— YOUR INSTRUCTIONS —
Although the entries contain pictures, repeat only their words, exactly as written.

BEGIN MATERIAL FOR THE TASK

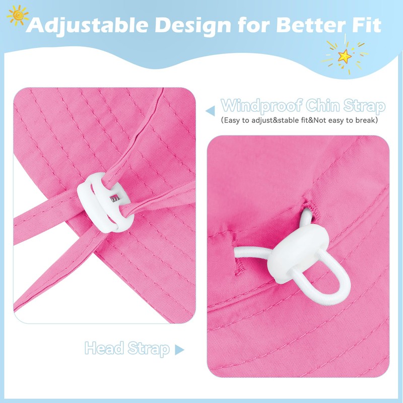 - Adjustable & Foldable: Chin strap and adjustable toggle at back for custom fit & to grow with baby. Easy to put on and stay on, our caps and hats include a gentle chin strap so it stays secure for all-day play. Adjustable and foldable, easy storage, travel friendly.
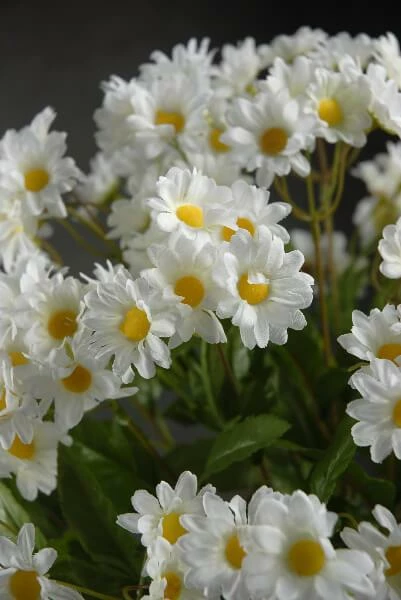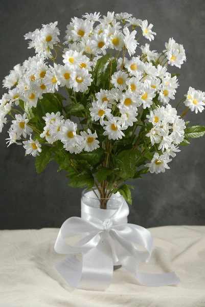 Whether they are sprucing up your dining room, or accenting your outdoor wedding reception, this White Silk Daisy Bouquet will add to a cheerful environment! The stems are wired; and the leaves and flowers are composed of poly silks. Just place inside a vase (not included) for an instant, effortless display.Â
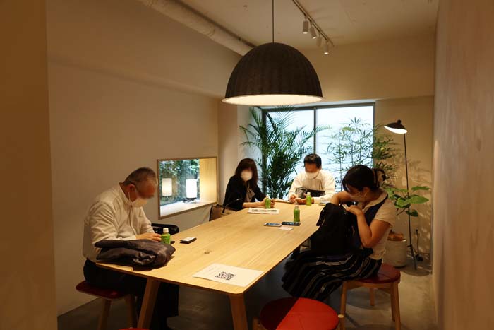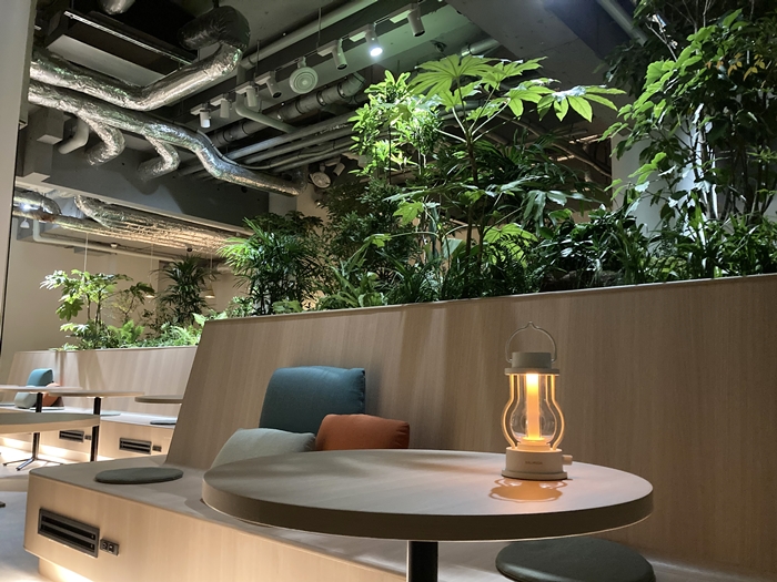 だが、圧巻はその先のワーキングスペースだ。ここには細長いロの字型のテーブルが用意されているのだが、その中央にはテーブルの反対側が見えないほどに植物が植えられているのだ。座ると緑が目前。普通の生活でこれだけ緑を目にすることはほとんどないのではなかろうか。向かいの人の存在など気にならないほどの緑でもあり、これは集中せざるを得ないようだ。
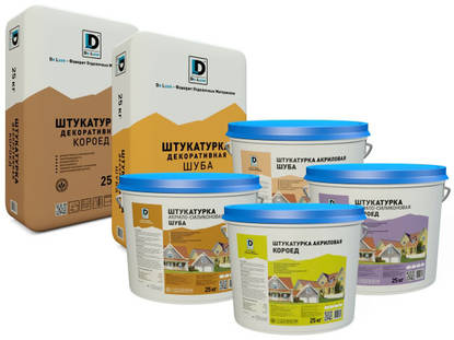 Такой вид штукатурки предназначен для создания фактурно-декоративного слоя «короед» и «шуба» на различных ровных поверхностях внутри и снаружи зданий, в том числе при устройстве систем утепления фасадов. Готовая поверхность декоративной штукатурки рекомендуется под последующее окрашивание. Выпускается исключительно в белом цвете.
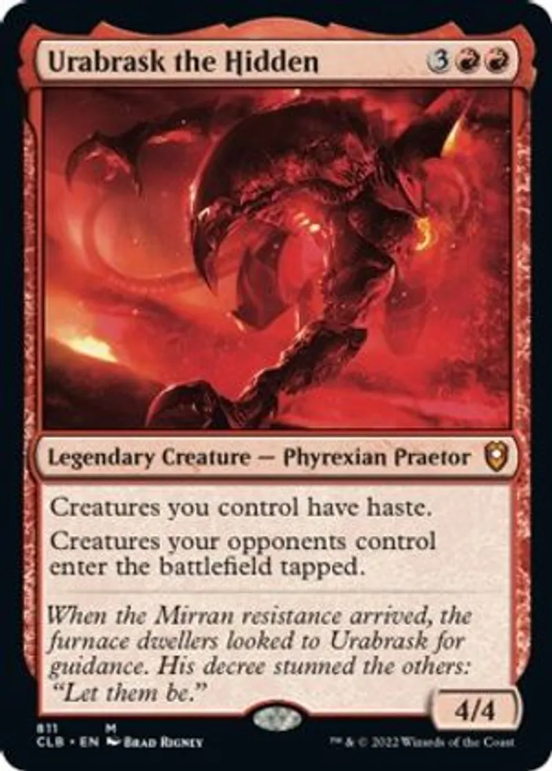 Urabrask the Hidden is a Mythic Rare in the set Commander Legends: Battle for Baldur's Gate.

END MATERIAL FOR THE TASK

— SOLUTION —
 - Adjustable & Foldable: Chin strap and adjustable toggle at back for custom fit & to grow with baby. Easy to put on and stay on, our caps and hats include a gentle chin strap so it stays secure for all-day play. Adjustable and foldable, easy storage, travel friendly.
 Whether they are sprucing up your dining room, or accenting your outdoor wedding reception, this White Silk Daisy Bouquet will add to a cheerful environment! The stems are wired; and the leaves and flowers are composed of poly silks. Just place inside a vase (not included) for an instant, effortless display.Â
 だが、圧巻はその先のワーキングスペースだ。ここには細長いロの字型のテーブルが用意されているのだが、その中央にはテーブルの反対側が見えないほどに植物が植えられているのだ。座ると緑が目前。普通の生活でこれだけ緑を目にすることはほとんどないのではなかろうか。向かいの人の存在など気にならないほどの緑でもあり、これは集中せざるを得ないようだ。
 Такой вид штукатурки предназначен для создания фактурно-декоративного слоя «короед» и «шуба» на различных ровных поверхностях внутри и снаружи зданий, в том числе при устройстве систем утепления фасадов. Готовая поверхность декоративной штукатурки рекомендуется под последующее окрашивание. Выпускается исключительно в белом цвете.
 Urabrask the Hidden is a Mythic Rare in the set Commander Legends: Battle for Baldur's Gate.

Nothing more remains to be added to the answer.